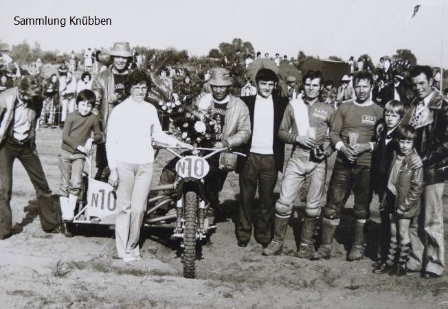 Und … „sagte nie ein Wort dazu“ Deshalb war es nur eine Frage der Zeit, dass Jürgen Knübben selbst auf der Rennstrecke am Lenker und am Gas drehte. „Für mich war klar: Ich fahre Motocross. Ich fahre nicht solo, ich fahre direkt Gespann!“, so Jürgen Knübben. Sein erster Gespann-Rennstart war 1977 mit 15 ½ Jahren bei einem Rennen des DAMCV in Roggendorf. Die Älteren erinnern sich sicher noch an diese Strecke, die mit all ihrem Sand und den Wellen (Waschbrettpiste) auch sehr gut nach Holland gepasst hätte: „Ich kam mit der Strecke bei dem ersten Rennen überhaupt nicht klar, hatte mehrere Stürze, wurde auch noch überrundet und beendete das Rennen weit abgeschlagen. Die eigenen Erwartungen waren sehr hoch, wen wundert das bei Jürgens noch junger Biografie, dementsprechend groß war jetzt die Enttäuschung. Und natürlich gab es da die vielen strengen Beobachter aus der Fan-Gemeinde seines Vaters: Auch die hatten sehr hohe Erwartungen und meinten nach dem Rennen enttäuscht zu diesem: „Ja Kunnes, das mit deinem Jungen, das gibt nie etwas!“ Diese Äußerungen bekam auch Jürgen von diesem „Fankreis“ zu hören. Sie machten alles nur noch schlimmer. Am Abend seines ersten Renntages stand Jürgen da, „wie am Boden zerstört“.
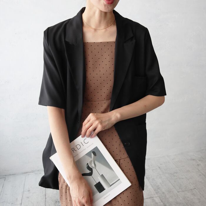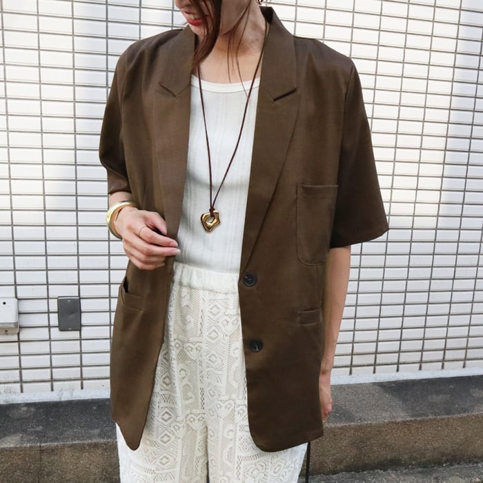大人の抜け感を演出するカラーリングが魅力のハーフスリーブテーラードジャケット。 柔らかな素材で二の腕カバーもできる、シャツ感覚でラフに羽織れる軽やかな一枚です。 オンオフどちらにも活躍し、きちんと見えも叶います。
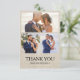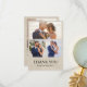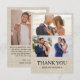 Comparte tu gratitud con estilo con esta elegante tarjeta de agradecimiento de boda de varias fotos que presenta un fondo de textura de lino suave y tipografía serif atemporal. Con espacio para tres retratos de boda favoritos en la parte delantera, junto con una foto y un mensaje sincero en la parte posterior, esta tarjeta está diseñada para complementar bellamente cualquier tema de boda, desde rústico hasta moderno. Personalice con sus nombres, fotos y nota para crear un recuerdo que sus invitados apreciarán.
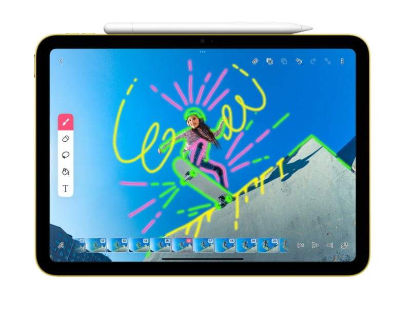 Apple Pencil (USB‑C) doskonale nadaje się do szkicowania, notowania, dodawania adnotacji do dokumentów i wielu innych zadań. Działa z precyzją co do piksela i niewielkim opóźnieniem, a do tego reaguje na kąt pochylenia. Używa się więc go równie naturalnie, jak ołówka.

○ ○ ○ ○

What is needed = Each line of the listing above belongs in the answer exactly as written; the pictures do not.

Problem solution =
 Und … „sagte nie ein Wort dazu“ Deshalb war es nur eine Frage der Zeit, dass Jürgen Knübben selbst auf der Rennstrecke am Lenker und am Gas drehte. „Für mich war klar: Ich fahre Motocross. Ich fahre nicht solo, ich fahre direkt Gespann!“, so Jürgen Knübben. Sein erster Gespann-Rennstart war 1977 mit 15 ½ Jahren bei einem Rennen des DAMCV in Roggendorf. Die Älteren erinnern sich sicher noch an diese Strecke, die mit all ihrem Sand und den Wellen (Waschbrettpiste) auch sehr gut nach Holland gepasst hätte: „Ich kam mit der Strecke bei dem ersten Rennen überhaupt nicht klar, hatte mehrere Stürze, wurde auch noch überrundet und beendete das Rennen weit abgeschlagen. Die eigenen Erwartungen waren sehr hoch, wen wundert das bei Jürgens noch junger Biografie, dementsprechend groß war jetzt die Enttäuschung. Und natürlich gab es da die vielen strengen Beobachter aus der Fan-Gemeinde seines Vaters: Auch die hatten sehr hohe Erwartungen und meinten nach dem Rennen enttäuscht zu diesem: „Ja Kunnes, das mit deinem Jungen, das gibt nie etwas!“ Diese Äußerungen bekam auch Jürgen von diesem „Fankreis“ zu hören. Sie machten alles nur noch schlimmer. Am Abend seines ersten Renntages stand Jürgen da, „wie am Boden zerstört“.
大人の抜け感を演出するカラーリングが魅力のハーフスリーブテーラードジャケット。 柔らかな素材で二の腕カバーもできる、シャツ感覚でラフに羽織れる軽やかな一枚です。 オンオフどちらにも活躍し、きちんと見えも叶います。
 Comparte tu gratitud con estilo con esta elegante tarjeta de agradecimiento de boda de varias fotos que presenta un fondo de textura de lino suave y tipografía serif atemporal. Con espacio para tres retratos de boda favoritos en la parte delantera, junto con una foto y un mensaje sincero en la parte posterior, esta tarjeta está diseñada para complementar bellamente cualquier tema de boda, desde rústico hasta moderno. Personalice con sus nombres, fotos y nota para crear un recuerdo que sus invitados apreciarán.
 Apple Pencil (USB‑C) doskonale nadaje się do szkicowania, notowania, dodawania adnotacji do dokumentów i wielu innych zadań. Działa z precyzją co do piksela i niewielkim opóźnieniem, a do tego reaguje na kąt pochylenia. Używa się więc go równie naturalnie, jak ołówka.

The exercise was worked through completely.